Devices used with Restricted Information that contain hard drives, SD cards, non-volatile RAM, memory cards or other storage must either have the RI securely wiped before disposal or the device must be disposed of in some other secure manner
If RI is left on devices after they are disposed of, others may be able to access the RI, which could lead to breaches of the confidential information of our patients, research subjects, students and employees. This could in turn lead to required notifications of individuals and regulators, fines, penalties and reputational harm.
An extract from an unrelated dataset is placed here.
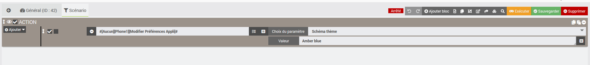 J’essaye de changer le theme d’un device via un scénario en reprenant le nom du théme en commande comme suit:

Yes. As an example, back in 2010, CBS News found PHI on the hard drives of photocopiers they bought which had been previous leased to Affinity Health. The PHI of over 300,000 patients was discovered and Affinity Health entered into a $1.2 million settlement with the Office for Civil Rights. Read more here.
Please contact your local IT support group before disposing of any electronic devices that may contain RI. They can help you check if the device contains any Restricted Information and advise you on secure disposal. You can also check with the Office of Compliance Services Information Security team by emailing InfoSecAll@mednet.ucla.edu.
We must have a Business Associate Agreement with a vendor before they may take an electronic device that contains PHI offsite for disposal or repair. Equivalent agreements such as Appendix DS are necessary when non-PHI RI is involved. Alternatively, please contact your local IT support group for information on how to securely erase UCLA Restricted Information from the device.